Problem requirements: Output the data below exactly, without images.

*** Given data ***

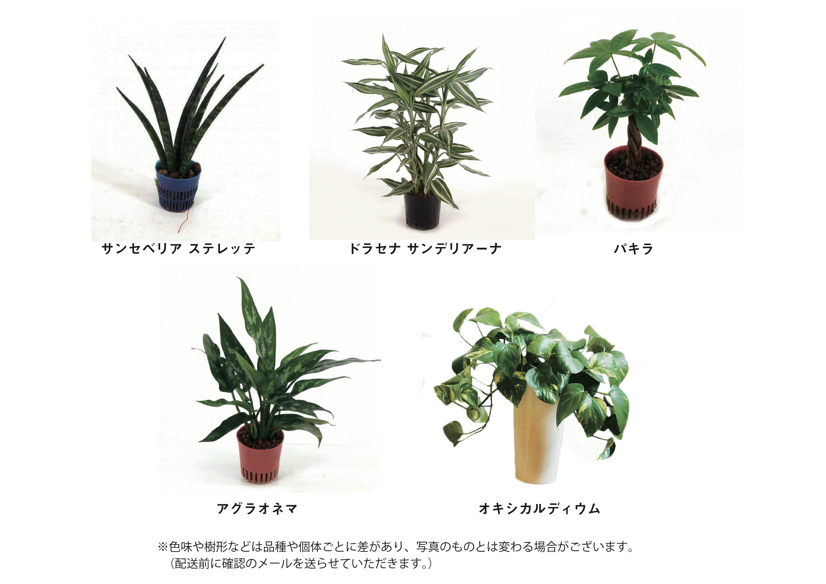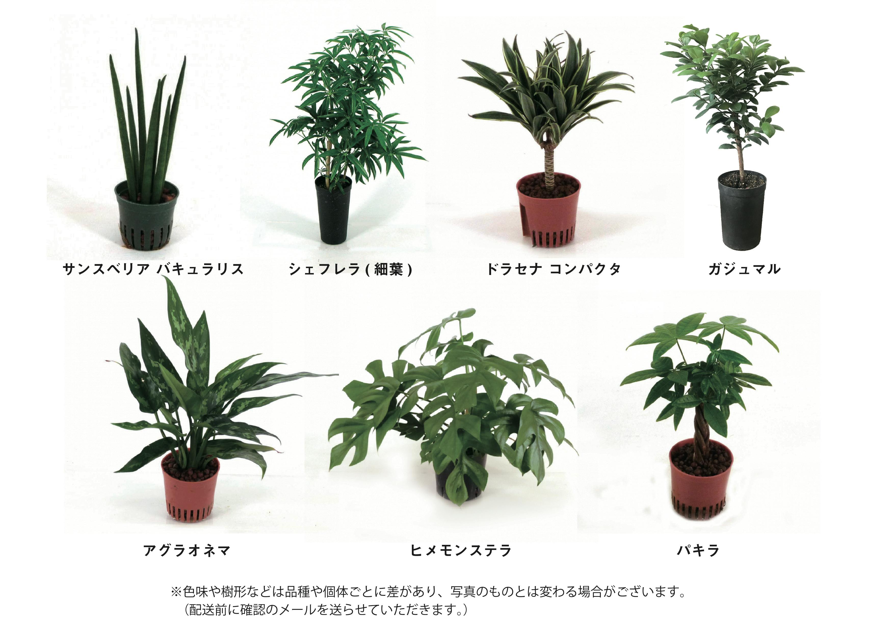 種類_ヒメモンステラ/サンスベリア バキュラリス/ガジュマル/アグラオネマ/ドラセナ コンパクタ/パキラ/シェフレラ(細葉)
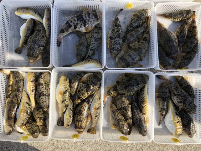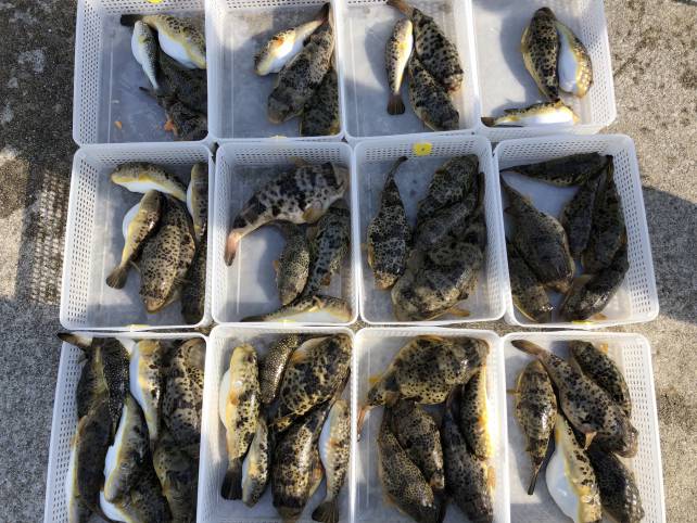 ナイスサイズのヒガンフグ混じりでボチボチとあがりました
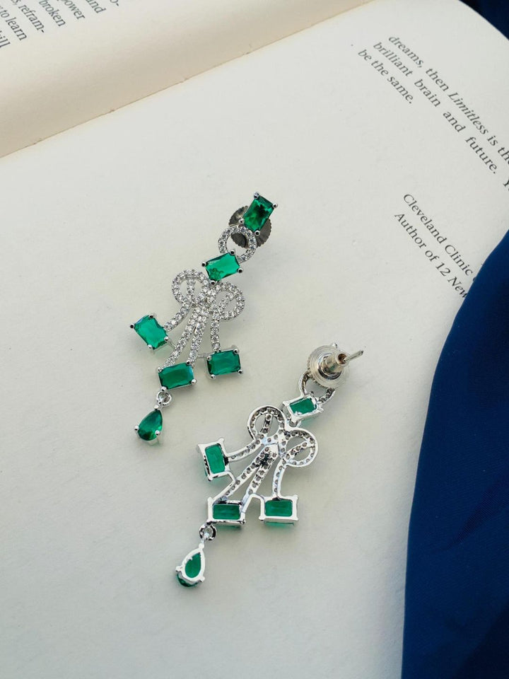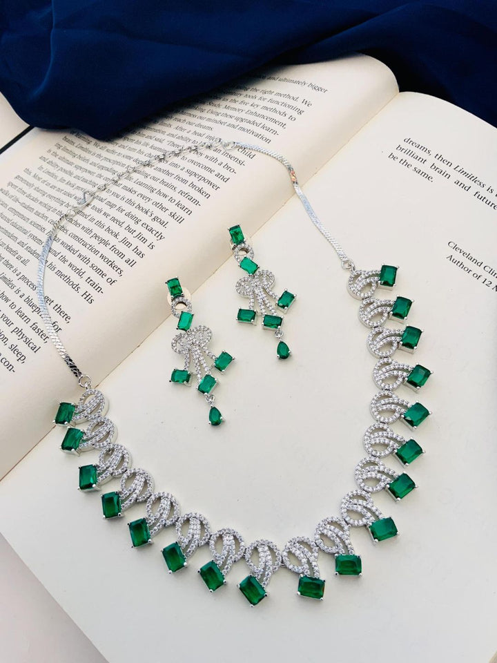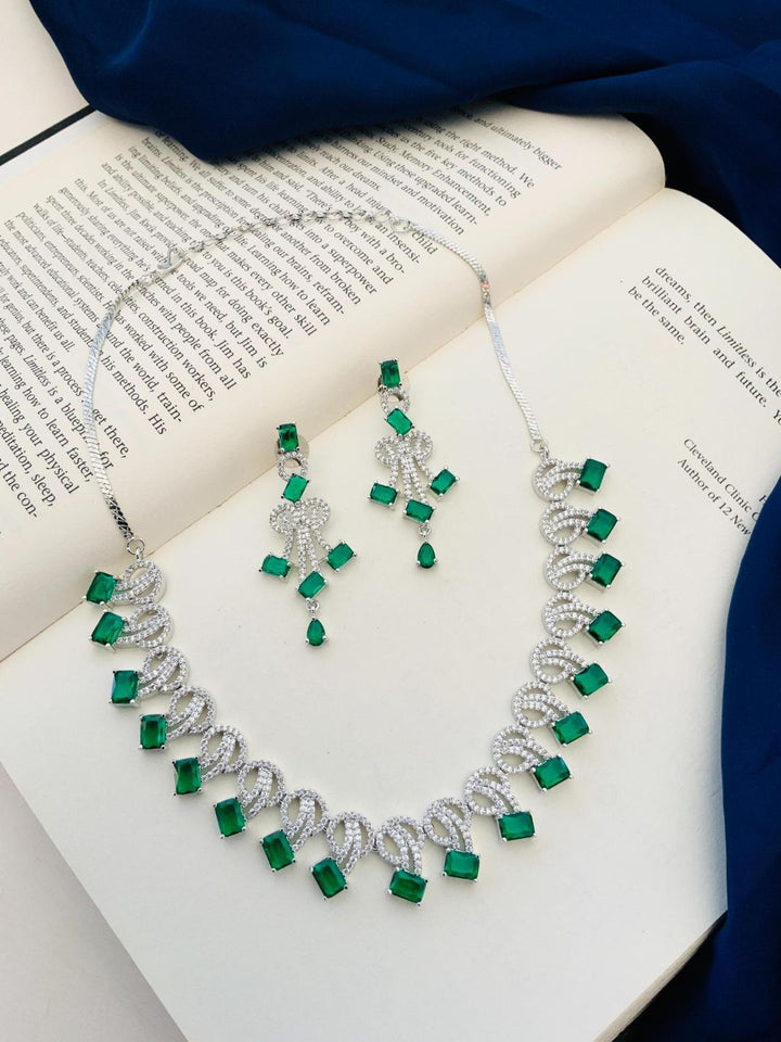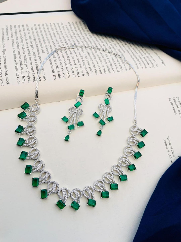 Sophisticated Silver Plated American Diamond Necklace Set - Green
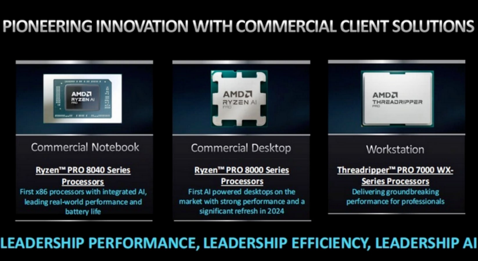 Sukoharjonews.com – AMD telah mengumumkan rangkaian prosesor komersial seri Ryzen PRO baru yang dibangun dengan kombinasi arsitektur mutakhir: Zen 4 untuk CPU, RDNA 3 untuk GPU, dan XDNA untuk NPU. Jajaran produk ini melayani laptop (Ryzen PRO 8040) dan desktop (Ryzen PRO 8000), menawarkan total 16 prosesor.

***

Exercise result:
 種類_ヒメモンステラ/サンスベリア バキュラリス/ガジュマル/アグラオネマ/ドラセナ コンパクタ/パキラ/シェフレラ(細葉)
 ナイスサイズのヒガンフグ混じりでボチボチとあがりました
 Sophisticated Silver Plated American Diamond Necklace Set - Green
 Sukoharjonews.com – AMD telah mengumumkan rangkaian prosesor komersial seri Ryzen PRO baru yang dibangun dengan kombinasi arsitektur mutakhir: Zen 4 untuk CPU, RDNA 3 untuk GPU, dan XDNA untuk NPU. Jajaran produk ini melayani laptop (Ryzen PRO 8040) dan desktop (Ryzen PRO 8000), menawarkan total 16 prosesor.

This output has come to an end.